While the average thief resident to the hideout was neither bothered nor unamused by Zidane's inappropriate grasp of the Gaian language, his tact left a lot to be desired, so taking him out in public was difficult bordering on embarrassing. Not only would he cuss like a drunk sailor at friend and stranger alike, but none of the store owners appreciated the repeated 'mine' he threw at their unsold merchandise. Baku wasn't about to apologise for the kid's gauche behaviour because no one appreciated a troubled upbringing quite like him, and neither did he scold Zidane as long as he kept his hands to himself - at least while people were watching.

But after a while Baku tired of Zidane's shrill voice chirping obscenities and false claims as he picked his way through a bustling market, and he'd never benefited from unwanted attention yet. To hush him up he took him to a stand that was selling shaved ice and immediately Zidane was in the throes of a fit of 'mines', tossing them all over the damn place like breadcrumbs to pigeons.
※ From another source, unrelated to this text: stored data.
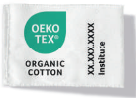
100 % Organic cotton

Two types of certification are available depending on the percentage of organic cotton:
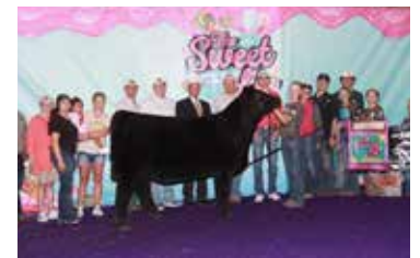
JSUL PCC WHO'S LOOKIN 2113K ET 2023 National Junior Heifer Show Reserve Grand Champion Chianina Heifer Full Sister to Lot 13
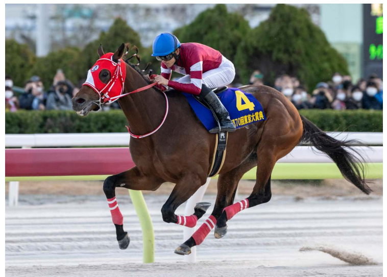
Forever Young

Also Ran: Ushba Tesoro (Jpn), Grand Bridge (Jpn), Derma Sotogake (Jpn), Crown Pride (Jpn), Sayono Nature (Jpn), King of the Nile (Jpn), Grande Mare (Jpn). Click for the goracing.jp chart and VIDEO.
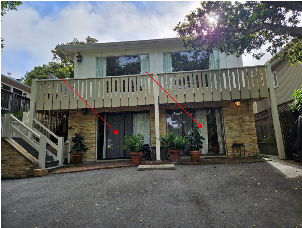
Figure 1: View of front elevation, looking east from Torres St. Arrows indicate non-original sliding glass doors.
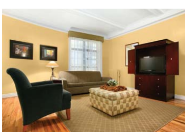
Guest room Living Area
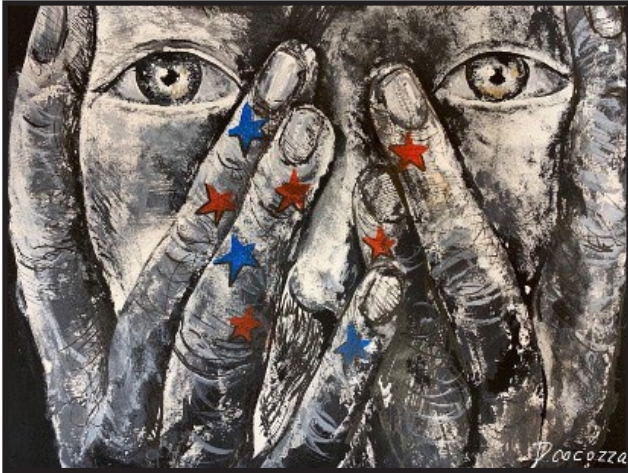
Figure 1 Exposure by Dominic Coccozza, 2018.

Note: Coccozza granted special permission to reproduce this image.
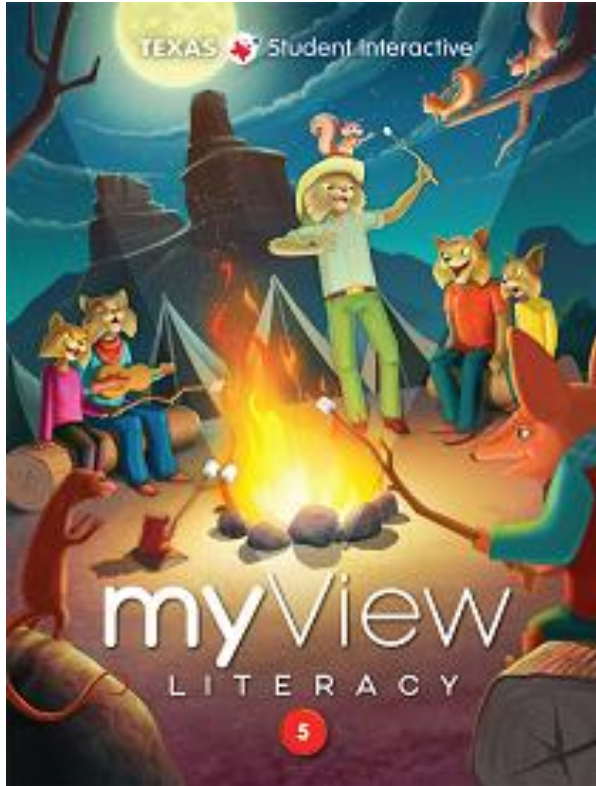
Texas myView Literacy
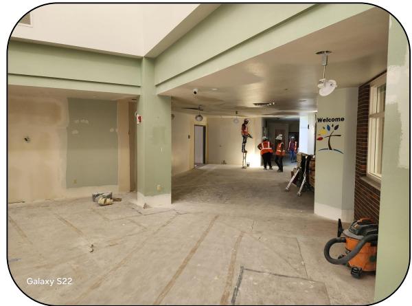
The west entryway looks and feels very different these days!
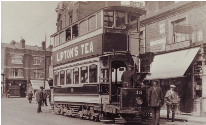
Fig. 6.2 Tram, a few minutes’ walk from Hanwell Asylum c.1910 (Public domain), https://en.wikipedia.org/wiki/Hanwell#/media/File:Tram_in_hanwell_boston_road.JPG

Since asylum activities were part of treatment, Mercier cautioned against punishing patients by preventing them from joining in, as participant, performer or spectator. 55 On the other hand, activities were used as rewards, such as tram outings to Uxbridge for working patients at Hanwell (Fig. 6.2). 56 Entertainment programmes continued as usual in the early months of the war, including the annual patients’ fancy dress ball at Claybury and a Vaudeville show at Colney Hatch. By Christmas 1914, celebrations faced disruption because of night-time lighting restrictions and risk of cancelation at short notice in the event of an air raid
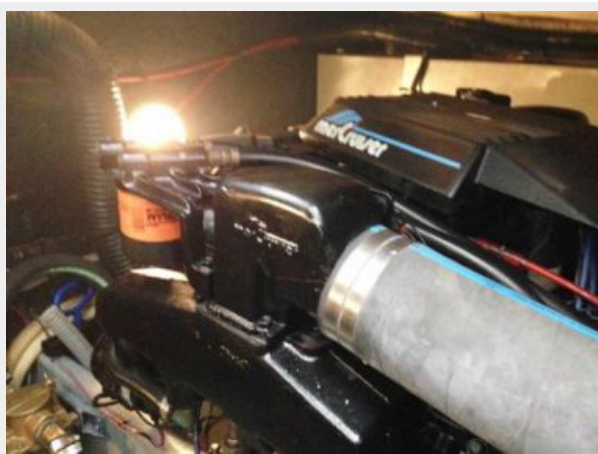
Clean Engine room - 1
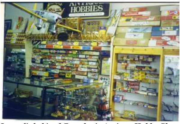
Just a little bit of Grandpa's Antique Hobby Shop.

"Alright, alright, shut yer damn trap fer two seconds, would ya?" Baku grumbled under his breath, counting gil into his palm while Zidane practically clawed up his trouser leg to see the colourful shaved ice the stall owner was making for the kid in front.
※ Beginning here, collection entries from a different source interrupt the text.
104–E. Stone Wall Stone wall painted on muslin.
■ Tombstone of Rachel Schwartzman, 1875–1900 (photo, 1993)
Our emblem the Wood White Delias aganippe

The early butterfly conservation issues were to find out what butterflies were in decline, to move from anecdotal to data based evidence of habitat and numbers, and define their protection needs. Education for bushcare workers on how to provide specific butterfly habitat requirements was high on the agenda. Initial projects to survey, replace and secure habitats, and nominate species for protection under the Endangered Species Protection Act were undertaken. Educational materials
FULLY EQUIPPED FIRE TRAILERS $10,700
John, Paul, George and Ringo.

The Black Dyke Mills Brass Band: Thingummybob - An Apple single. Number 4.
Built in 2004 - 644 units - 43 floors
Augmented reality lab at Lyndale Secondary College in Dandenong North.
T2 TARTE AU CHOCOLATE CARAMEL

Once the previous patrons had moved along (Zidane's eyes following the other kid's treat like he could magic it into his own hands) Baku gruffly asked for a Strawberry Ice, and just when the guy was halfway through making it, Zidane said clear as crystal, "Nuh-uh, I want a blue one."

Baku stared down at him. Zidane stared back, and when his request went answered he added, "Please?"